►

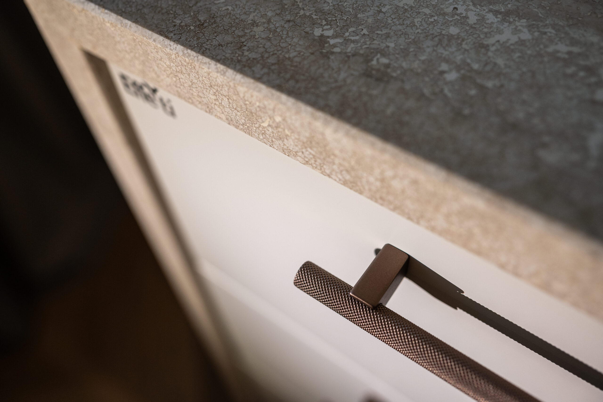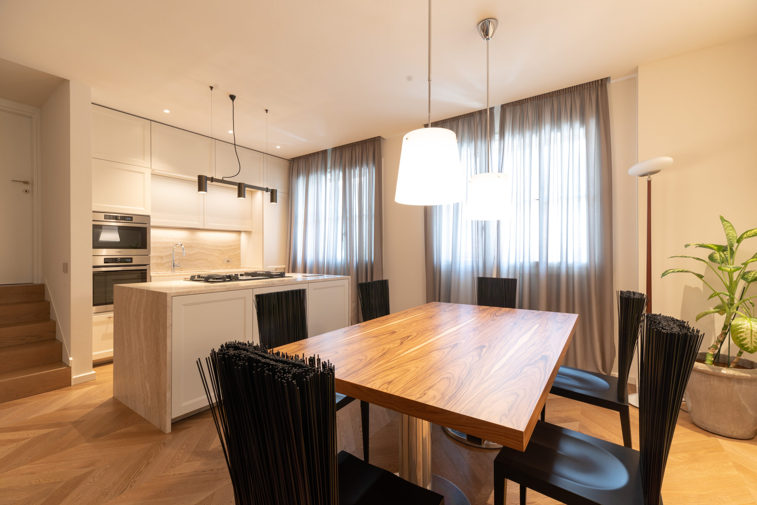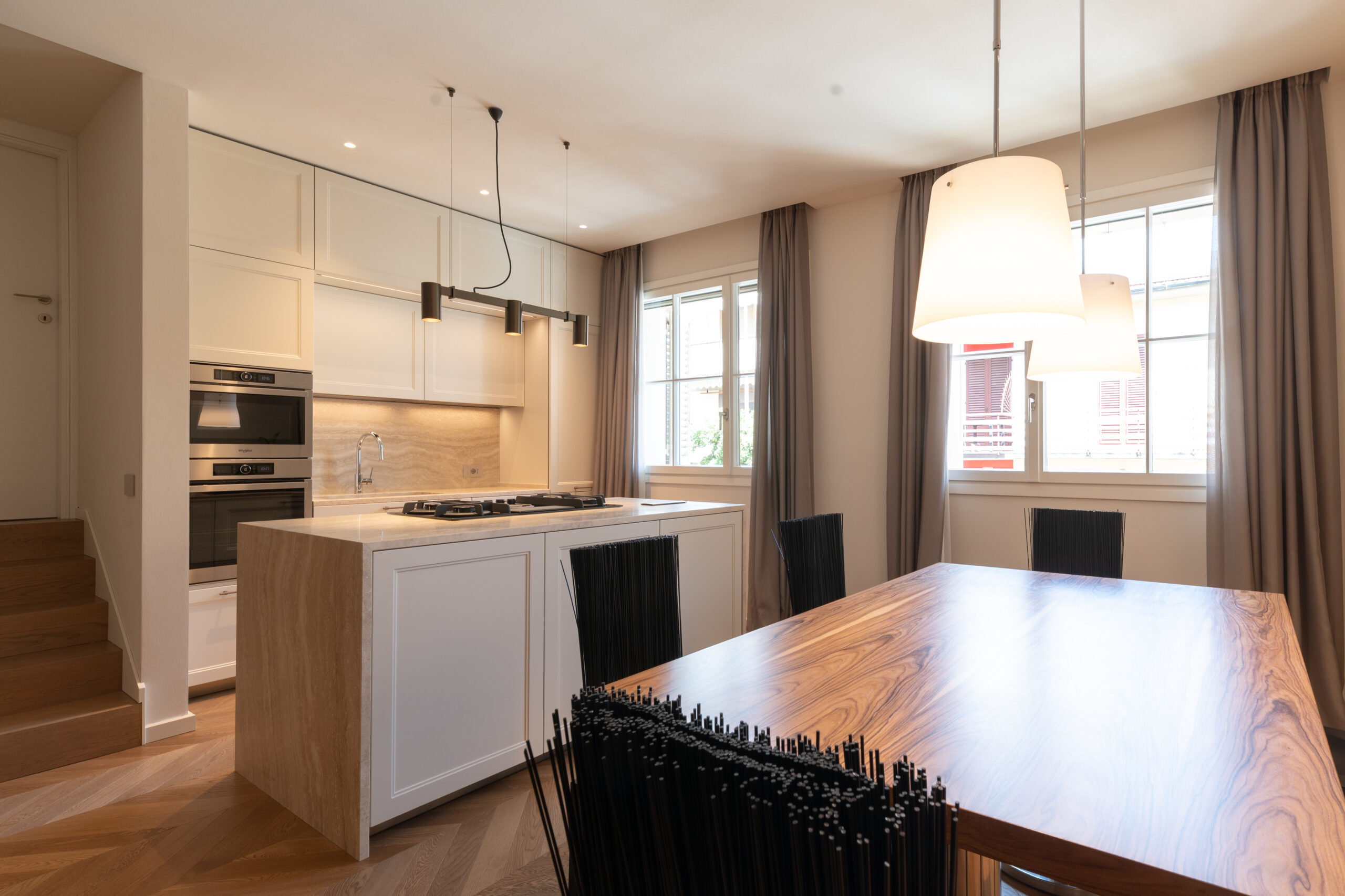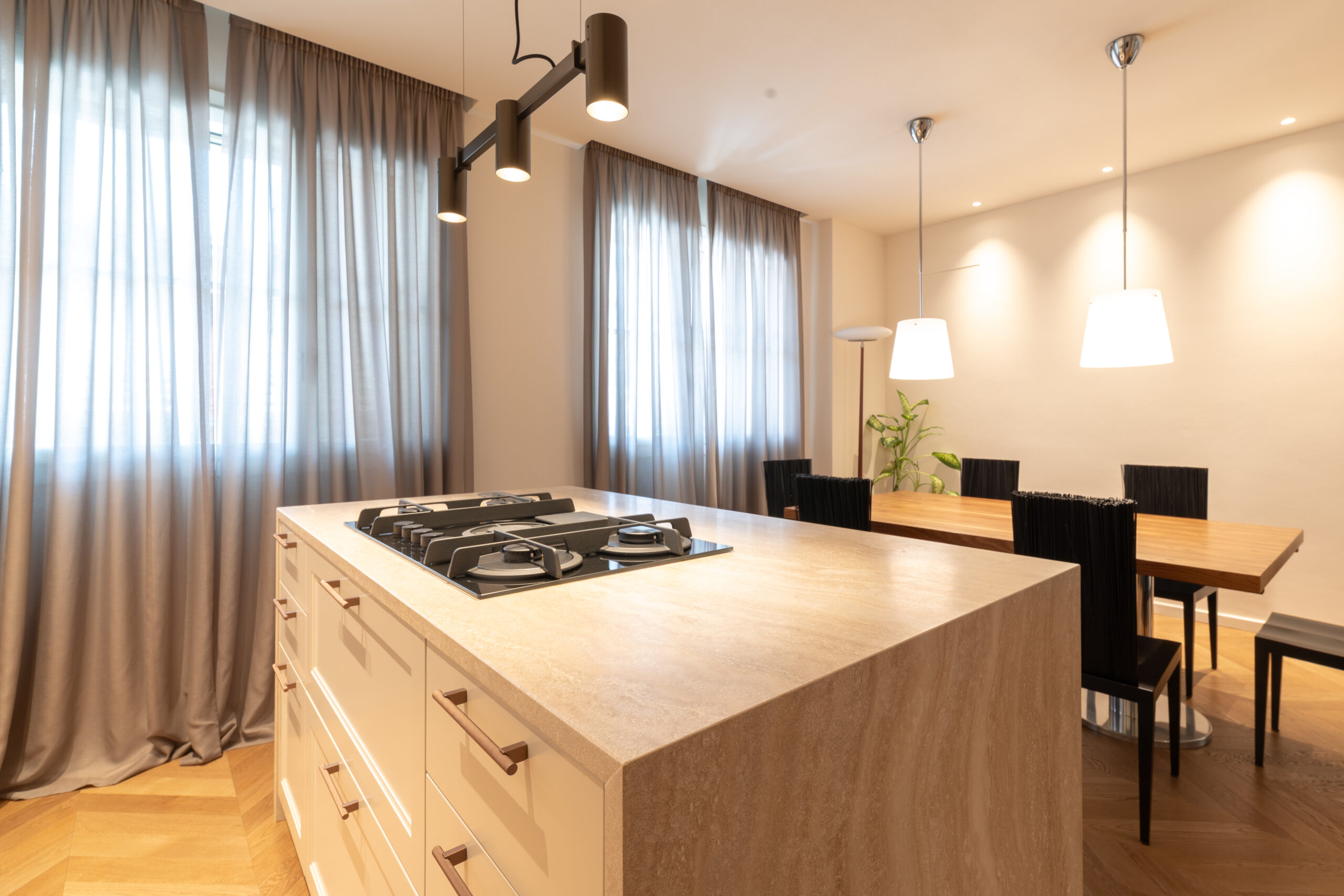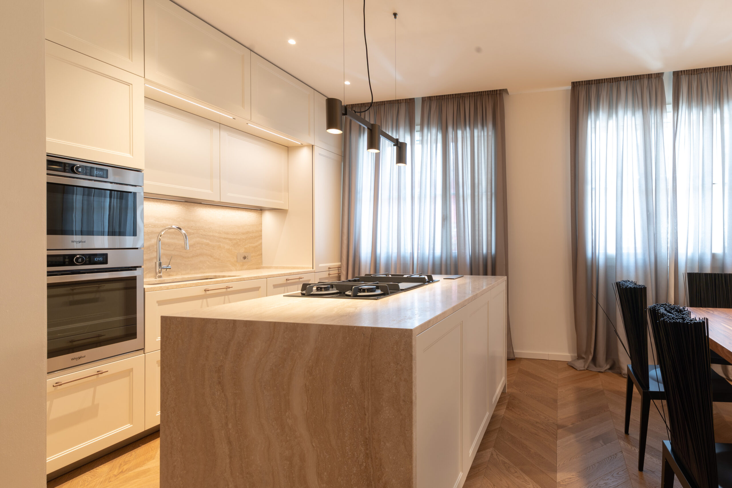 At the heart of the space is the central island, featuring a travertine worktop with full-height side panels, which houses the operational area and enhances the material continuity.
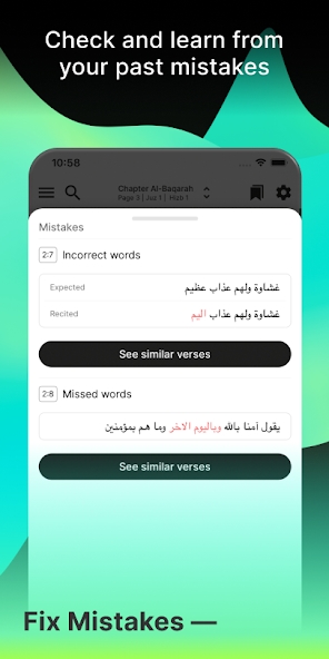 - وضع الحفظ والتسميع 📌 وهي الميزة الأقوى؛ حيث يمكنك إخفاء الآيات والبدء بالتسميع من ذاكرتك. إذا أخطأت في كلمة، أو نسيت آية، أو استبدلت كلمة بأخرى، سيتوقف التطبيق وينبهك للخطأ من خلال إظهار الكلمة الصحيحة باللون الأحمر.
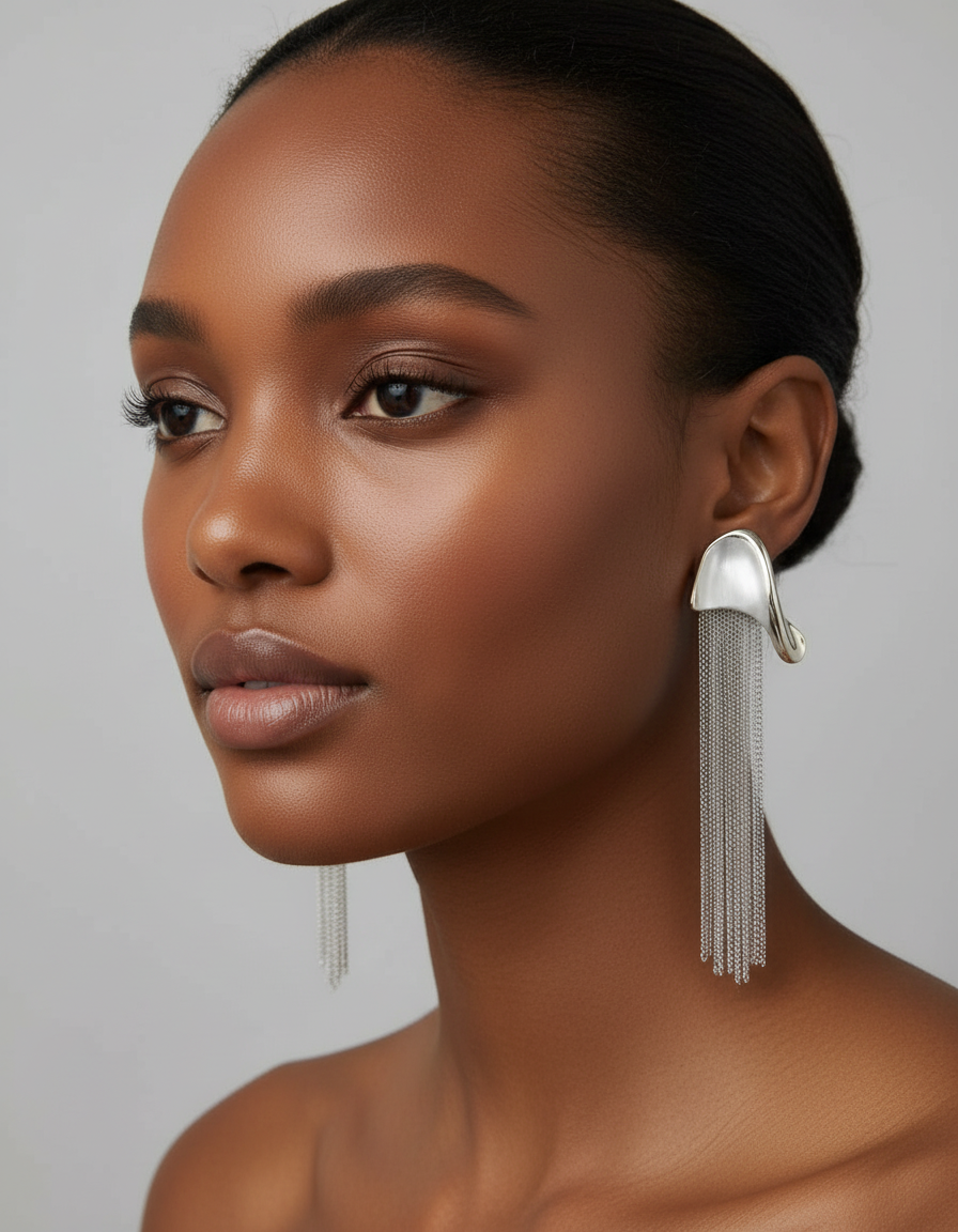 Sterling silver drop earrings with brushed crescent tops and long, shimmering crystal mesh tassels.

◄

*ACTIVITY*. Reproduce exactly, and only, the lines from the one with "- وضع الحفظ" to the final line of the listing above; the pictures are to be left out.

*SOLUTION TO THIS TASK*.
 - وضع الحفظ والتسميع 📌 وهي الميزة الأقوى؛ حيث يمكنك إخفاء الآيات والبدء بالتسميع من ذاكرتك. إذا أخطأت في كلمة، أو نسيت آية، أو استبدلت كلمة بأخرى، سيتوقف التطبيق وينبهك للخطأ من خلال إظهار الكلمة الصحيحة باللون الأحمر.
 Sterling silver drop earrings with brushed crescent tops and long, shimmering crystal mesh tassels.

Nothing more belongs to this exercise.